Does this have any particular size it's supposed to be used at?


Nah, it's good for all sizes. The glyphs have been completely vectorized.


Doesn't work in Terminal on macOS. It only displays bordered-questionmarks instead of glyphs. On the webpage, it does look like a nice font, though.


I may have grabbed it from a different place, but I remember this font working well in iTerm under macOS.


The source site at vtxemu.com has been squatted though :( Any other source to download it?


On the site linked above, over on the right-hand side of the page there's a "download" button that still works.


Thank you! Got it now.


I have a _decterm.ttf that is larger (237400 bytes) and newer (Mar 29 2019) than the one at dafont.com, but do not remember where I got it from.
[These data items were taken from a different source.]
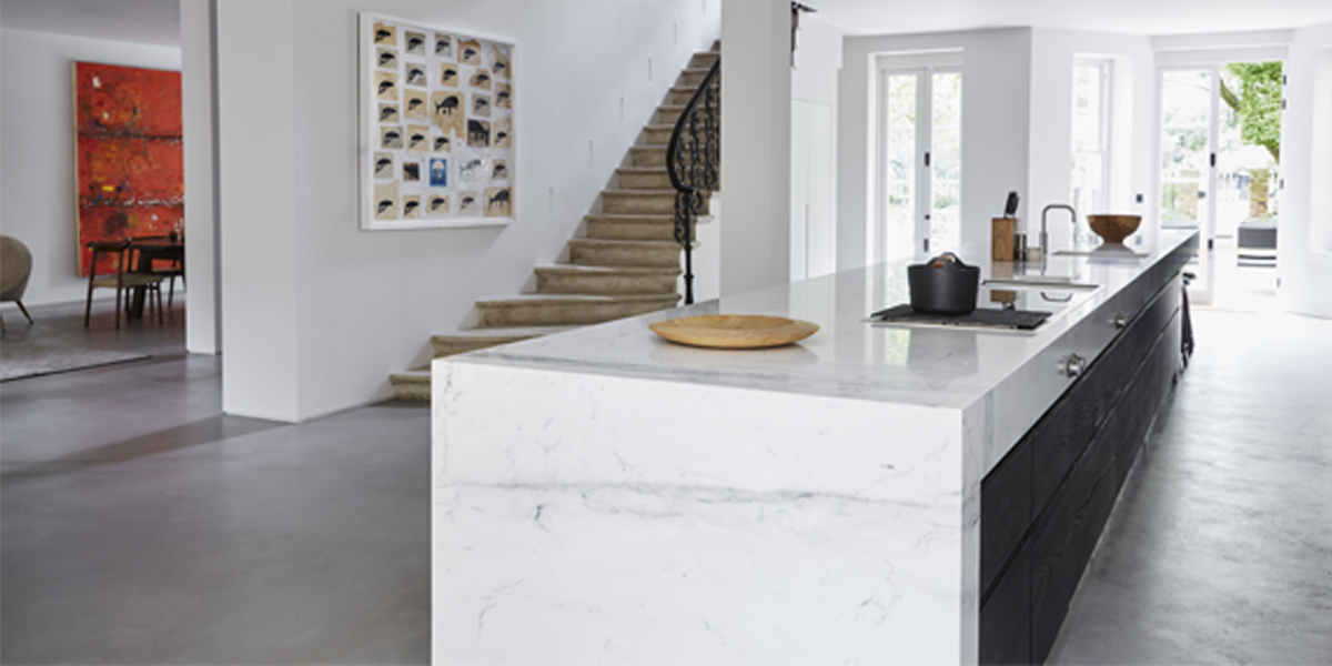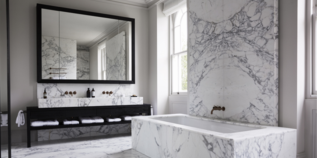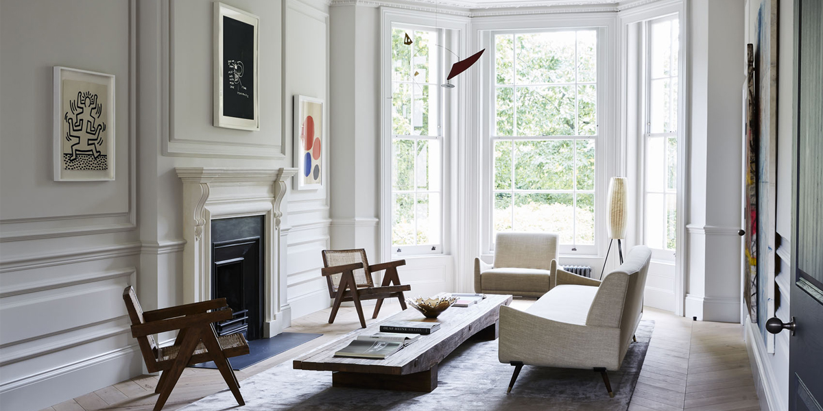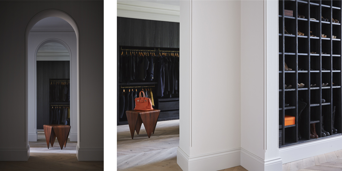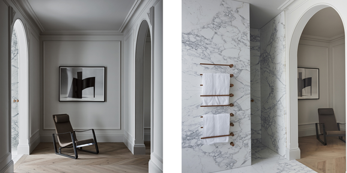 In the main reception rooms, important mid-century furniture pieces by Zalszupin and Jeanneret complement art by Basquiat, Haring and Calder. On the lower ground floor level, the kitchen and dining areas have a minimal, modern look with polished concrete floors and white walls. An eight-metre long marble island forms the centrepiece to the new kitchen. On the first floor, we located the study, master bedroom, master bathroom and dressing rooms. The client wanted as few doors as possible, so that the rooms seemed to ‘flow’ into one another.
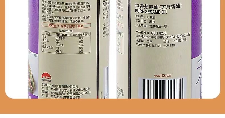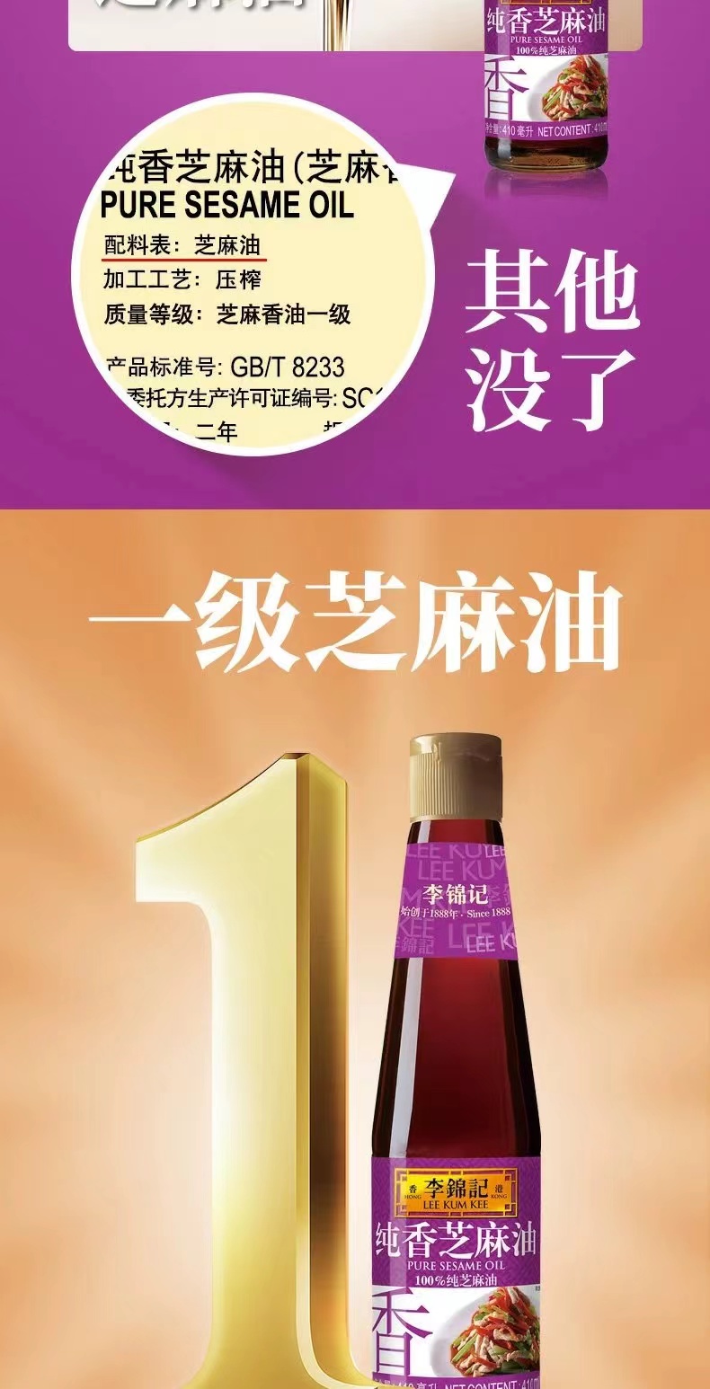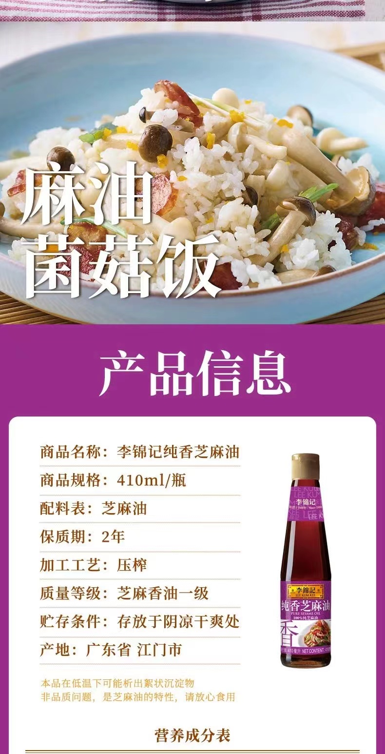李锦记纯香芝麻油410ml
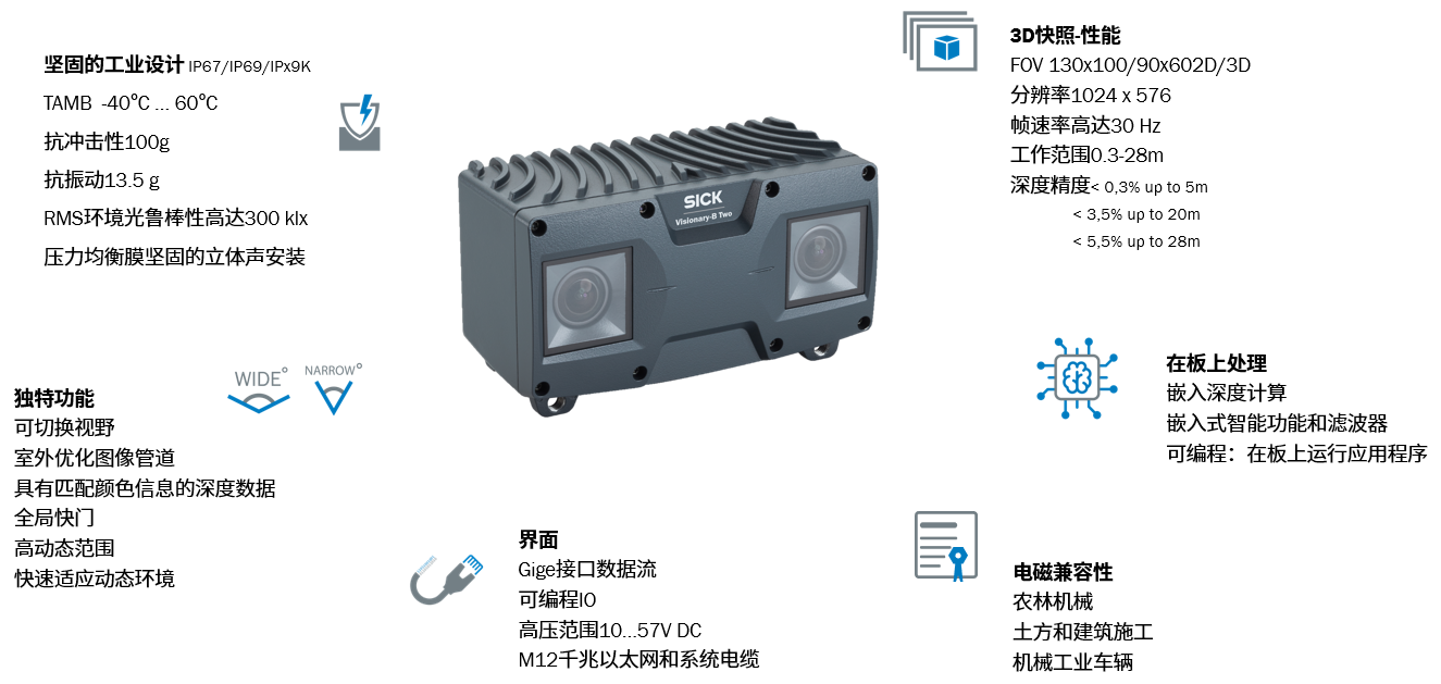 出口市場(chǎng)拓展:中國(guó)工程機(jī)械出口占比持續(xù)提升(2023年挖掘機(jī)出口占比41%),東南亞、非洲等地區(qū)對(duì)性價(jià)比高、適應(yīng)性強(qiáng)的設(shè)備需求旺盛。SICK的3D雙目相機(jī)Visionary-B Two便于快速適配不同地區(qū)機(jī)械標(biāo)準(zhǔn),搶占海外智能化升級(jí)先機(jī)。
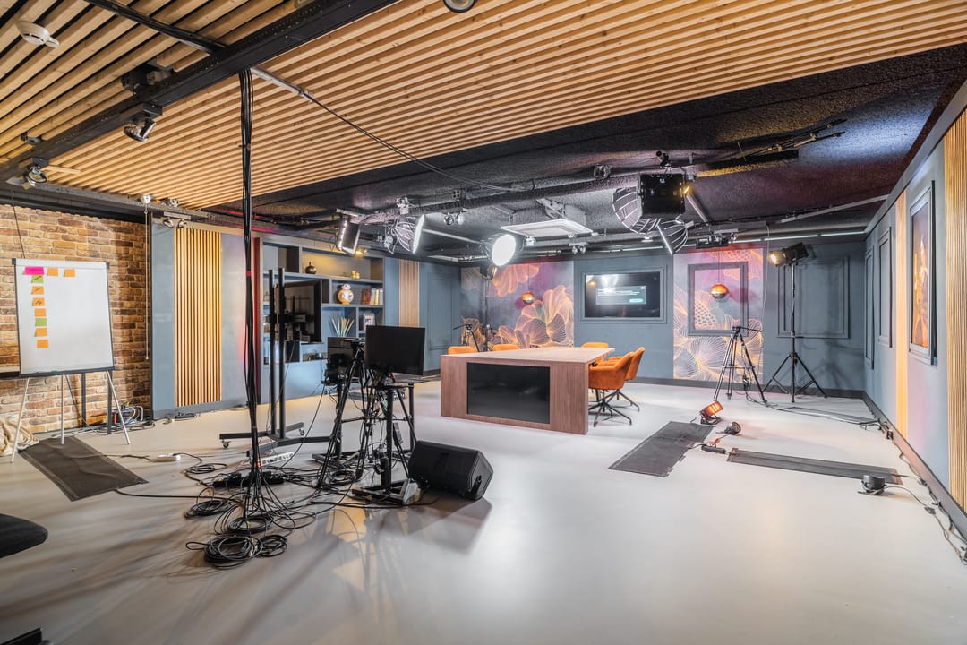 - Kabelgoten aan het plafond voor elektra, data en telefoon, excl. databekabeling;
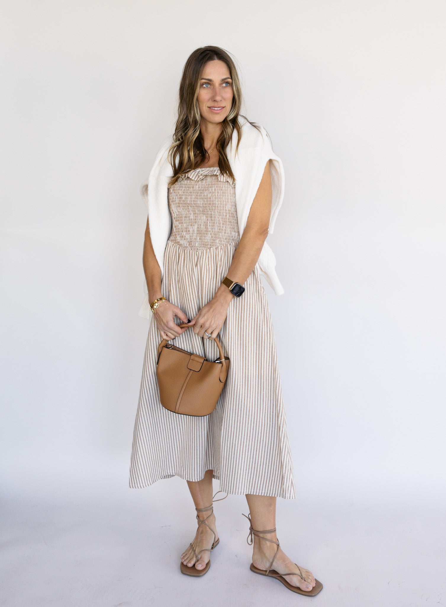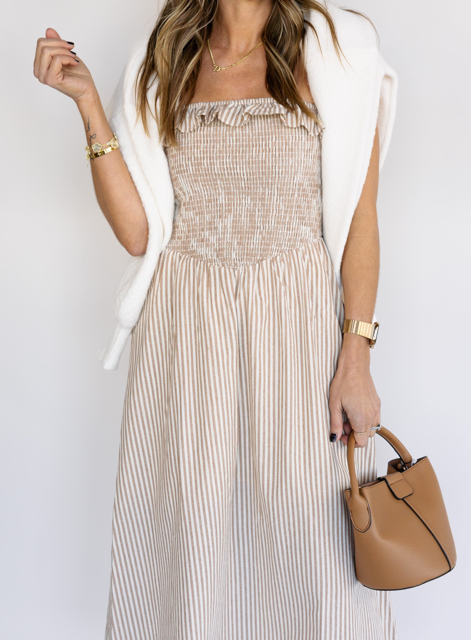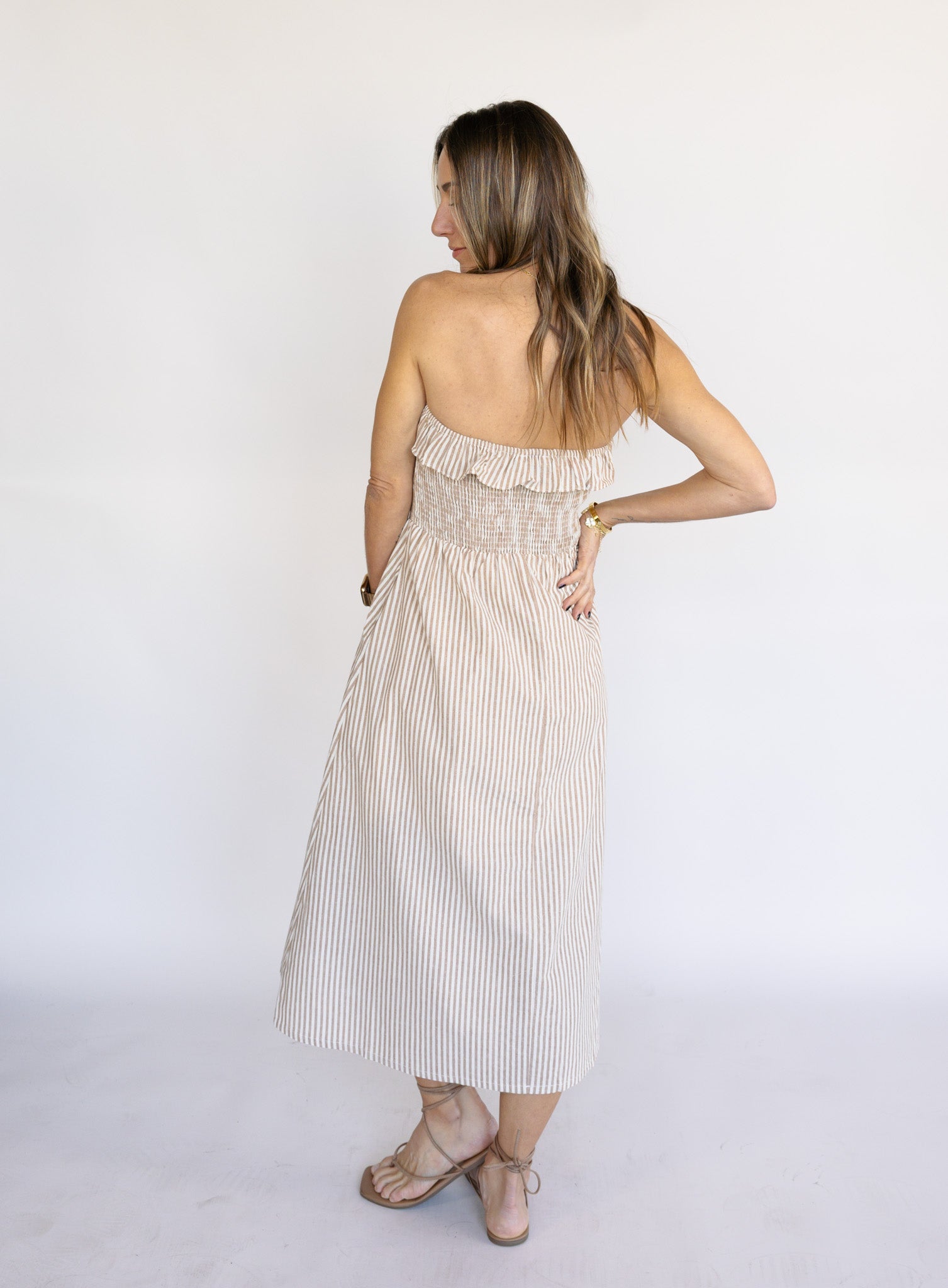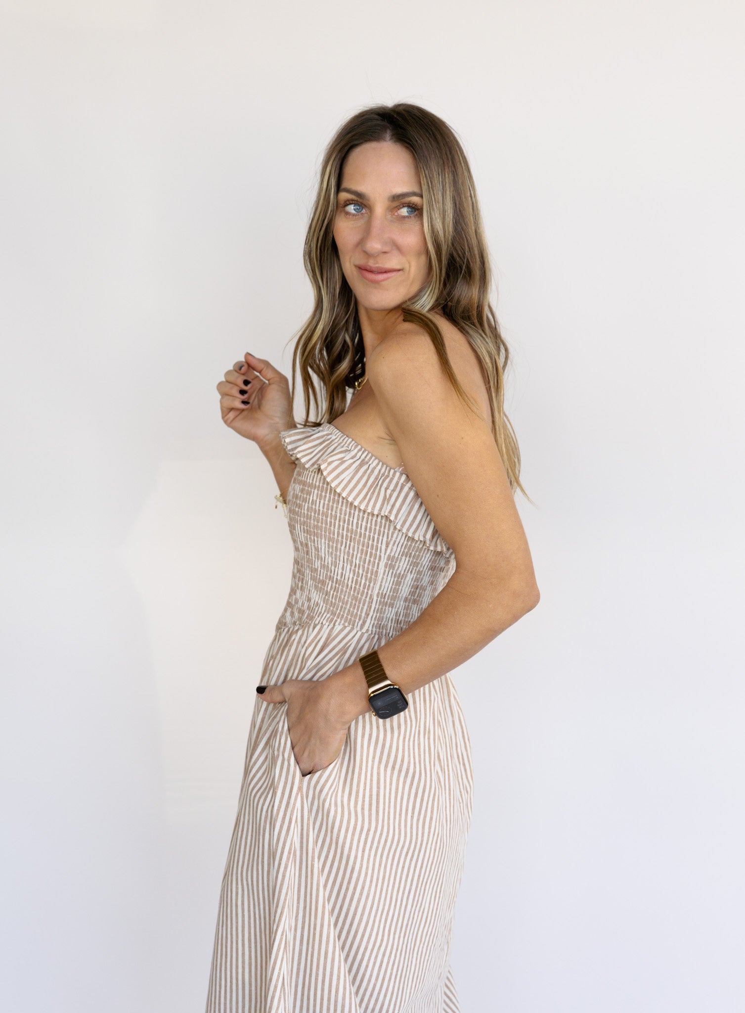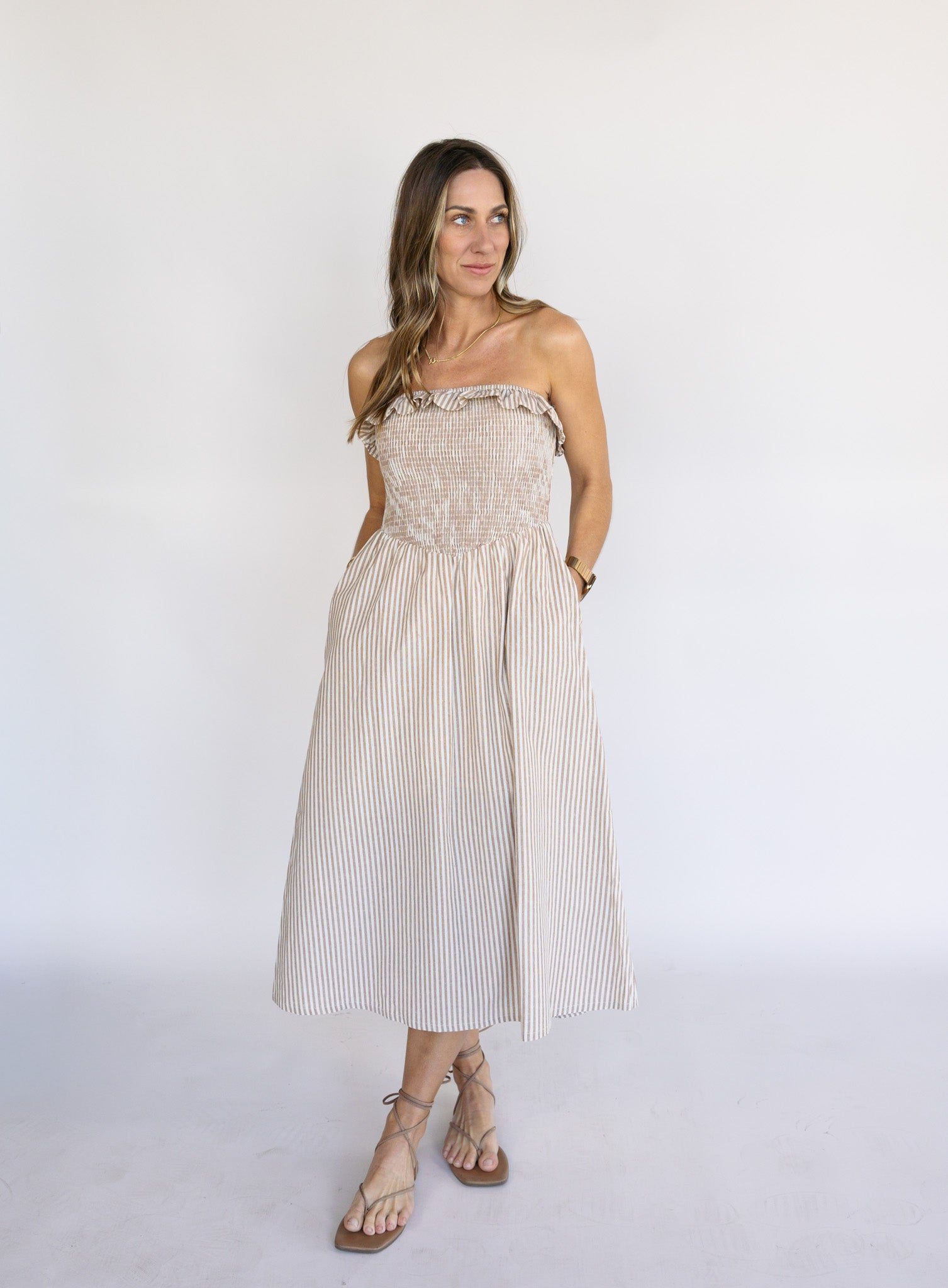 A softly structured strapless midi designed to feel easy yet intentional. With a smocked bodice, taupe and white pinstripes, and a delicate ruffle neckline, it moves beautifully and wears effortlessly—finished with pockets for that extra touch of everyday ease.

Here's how to do the same thing in Fontforge (with .otf file ready for download) https://gist.github.com/epilys/95869773037d3d2235d324bd5a048...


I built it into a package for arch AUR, then when I loooked at it, I have to agree. The scan lines built into the font are not desirable.

I installed the DEC Terminal Modern package 8-/

Cool notes on the rendering process by the author though...


I installed this font, set my default foreground color to #FDDF7D, and am feeling like I've transported back to 1984.


You need something to emulate flyback whine. Which I can't hear any more having old ears.

Maybe a bit of horizontal hold wobble too


Neat. It does look just like the font I had on that terminal.... back in the day.

There's some interesting design in it.


De Anza College in the early 1990s--we had quite a few VT220s. Super nostalgia...


Thanks! Just installed the font.

Next time I need to email a SQL query, I will use it <3


Nice font but I wish it didn't consist of lines like that.


That’s more or less how it shows on the terminal screen. Scanlines were part of the experience.

You can manually trace over the ROM bitmaps and make the contour - I did that with my 3270 font.